Yuan-Ling Liaw and Waldir Leoncio

library(lsasim)

packageVersion("lsasim")

[1] '2.1.6'

questionnaire_gen(n_obs, cat_prop = NULL, n_vars = NULL, n_X = NULL, n_W = NULL, cor_matrix = NULL,
    cov_matrix = NULL, c_mean = NULL, c_sd = NULL, theta = FALSE, family = NULL, full_output = FALSE,
    verbose = TRUE)

The function questionnaire_gen generates correlated continuous and ordinal data which resembles background questionnaire data. The required argument is n_obs and the optional arguments include

n_obs: the number of observations (e.g., test takers).
cat_prop: a list of vectors where each vector contains the cumulative proportions for each category of a given item.
n_vars: the number of variables, including the continuous (X) and the ordinal (W) covariates as well as the latent trait (theta).
n_X: the number of continuous (X) variables.
n_W: the number of ordinal (W) variables.
cor_matrix: a possibly heterogeneous correlation matrix, consisting of polyserial correlations between continuous and ordinal variables, and polychoric correlations between ordinal variables.
cov_matrix: a covariance matrix, formatted as cov_matrix.
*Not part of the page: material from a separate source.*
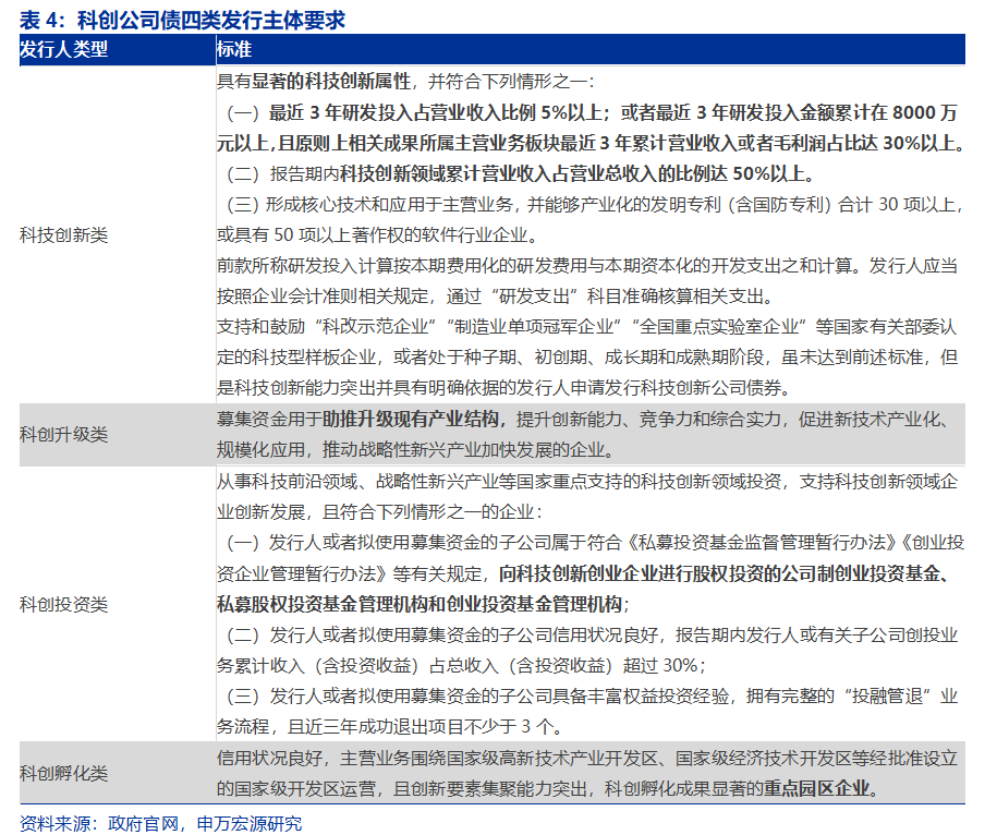 发行主体:发行人申请发行科技创新公司债券并在交易所所上市或者挂牌的,应当公司治理规范,诚信档案无不良记录,最近一期末资产负债率原则上不高于80%,支持科创企业类、科创升级类、科创投资类和科创孵化类四类发行人,涵盖了从孵化类“播种”、到中小科创类以及亟需产业升级的大型成熟企业。

The arguments c_mean and c_sd are scaling parameters for continuous variables. If the logical argument theta is TRUE then the latent trait will be generated as the first continuous variable and labeled ‘theta’. If family is gaussian then the data will be generated from a multivariate normal distribution, or the data will be generated from the polychoric correlation matrix.

If the logical argument full_output is TRUE, output will be a list containing the questionnaire data as well as several objects that might be of interest for further analysis of the data. The output of full_outputwill be addressed in future tutorials.

We only specify n_obs = 100 and use a multivariate normal distribution. It turned out the generated data involves one continuous variable and four ordinal covariates, which are 2-category, 3-category, 4-category, and 5-category, respectively.

set.seed(4388)
bg <- questionnaire_gen(n_obs = 100, family = "gaussian")
str(bg)

'data.frame':   100 obs. of  6 variables:
 $ subject: int  1 2 3 4 5 6 7 8 9 10 ...
 $ q1     : num  -0.6178 1.0299 -0.12 0.0624 1.4585 ...
 $ q2     : Factor w/ 2 levels "1","2": 2 1 1 2 1 2 2 2 2 2 ...
 $ q3     : Factor w/ 4 levels "1","2","3","4": 2 4 2 2 4 2 4 1 2 4 ...
 $ q4     : Factor w/ 3 levels "1","2","3": 2 1 2 2 1 1 3 3 2 2 ...
 $ q5     : Factor w/ 5 levels "1","2","3","4",..: 2 1 3 2 2 1 5 4 1 3 ...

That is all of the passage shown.